CARPI: A DATABASE FOR COMPUTER GENERATED FINGERSPELLING

Clarke Steinback, Ph.D.
Computer Science Department
California State University, Chico
Chico, California 95929
ranger@ecst.csuchico.edu

INTRODUCTION

A language such as American Sign Language (ASL), is a complicated visual system involving hands, arms, torso, head and facial expressions with static and dynamic aspects to the signs. ASL is a natural language used throughout the United States; it is the third or fourth most widely used language in the US (Sternberg, 1996). Translation from voice to English text is frequently the foundation of assistive technology. As Wolf (Wolf 1999) indicates, the voice to English text translation used in closed captioning on television as an assistive technology is not effective. Indeed, as Holt (Holt 1994) points out, most ASL signers read English text at a third or fourth grade level. The production of signed English can be seen as an intermediary stage, with true ASL translation the ultimate stage. In any translation system from voice to sign, a database of signs is necessary for producing either ASL or signed English. In creating such a database, storing the information to reproduce the signs is complex and requires careful and rigorous planning.

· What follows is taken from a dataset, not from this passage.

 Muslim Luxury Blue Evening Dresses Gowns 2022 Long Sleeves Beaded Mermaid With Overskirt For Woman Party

In creating an appropriate database for development of a translation system it is possible to first consider fingerspelling as a subset of ASL, acknowledging that this phase is prototypic with limited direct application. Although many who are deaf or hearing impaired read text fluently, for those who learned ASL in their youth, ASL is their mother tongue. Fingerspelling is thus an acceptable starting point from which to test the qualities essential to developing an animation-based translation system and its underlying database. Focusing just on fingerspelling for use in assistive technology simplifies the problem to that of correct gestural movements of a single hand. Although the individual fingerspelling signs consisting of hand positioning and motion components are not in themselves excessively complicated, two key aspects make computer animated fingerspelling successful for assistive technology -- realistic human hand rendering and realistic animation of transitions between letter pairs.

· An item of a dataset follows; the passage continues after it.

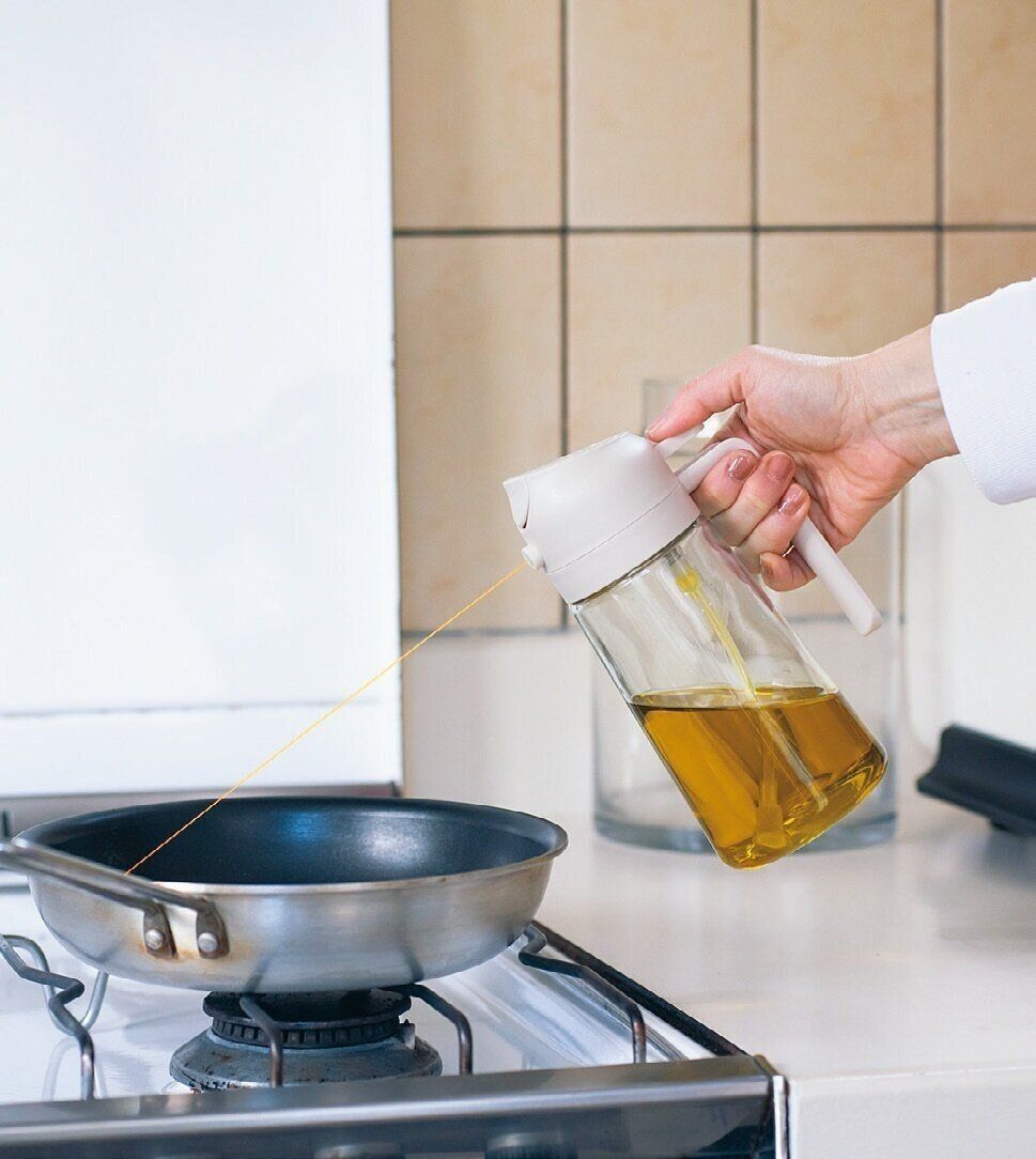 片手で開閉できるから、調理中でもスムーズ。シュッと吹きかけられるので、高騰中の油が少量で済む&ヘルシーなのも◎。品切れ店も続出。(SHIHOさん)

Letters occur in streams, not isolated elements; animation of fingerspelling needs to display transitions effectively. Viewers notice incorrectly animated human figures. Any animation of fingerspelling should have realistic signs and transitions between signs. Realistic animation of human hands for assistive technology is more complicated than just placing a rendered hand at the end of an animated arm. This study has achieved this realistic animation by capturing and using transitions information.

BACKGROUND AND RELATED WORK

In the development of assistive technology to aid in translating text to sign language, two major avenues have already been proposed. One using video clip technology and the other using computer generated animation. Video clip technology (Haas 1992) provides for continuous sign language display and is often used in educational and training programs. However, these systems cannot function as translation devices beyond the pre-recorded phrases, and they require enormous storage capacity to accommodate sufficient video clip phrases to allow for translation functions. Once we reach beyond pre-recorded phrases, the natural inbetweening inherent in the original video clips is lost, and recreating it is difficult. nearly insurmountable. The second approach uses computer generated graphics to allow for assembling new phrases out of the words/letters that the system knows how to generate (Magnenat-Thalmann 1990). In such systems, the computer renders the signs as needed for the translation, thus providing flexibility necessary to translation. However, realistic rendering and motion of the animation can consume considerable processor time or require expensive, non-portable computer systems. An assistive translation system not only must provide the user with understandable images, but must also be portable and real-time.

To address the issues of the computer generated signing, several researchers have focused on fingerspelling as a subset of the overall signing issue (Holden 1992, Lee 1992, Lee 1993, Steinback 1997, Steinback 1999). Holden and Roy (Holden 1992) developed a system to translate English text to fingerspelling as a sign language training tool using 2D animation. Lee, et al.. (Lee 1992, Lee 1993) provide a notation system to produce hand animation for synthetic actors and sign language translation with 3D rendered hand animation. Su and Furuta (Su 1998) created a web-based educational system using a hand posing system. Steinback (Steinback 1997, Steinback 1999) produced a system to translate English text to fingerspelling that provides 3D animation. Unlike previous endeavors this is on a personal computer, inbetween positions are calculated by linear interpolation as well as captured via the CyberGlove, and offers varying levels of animation realism.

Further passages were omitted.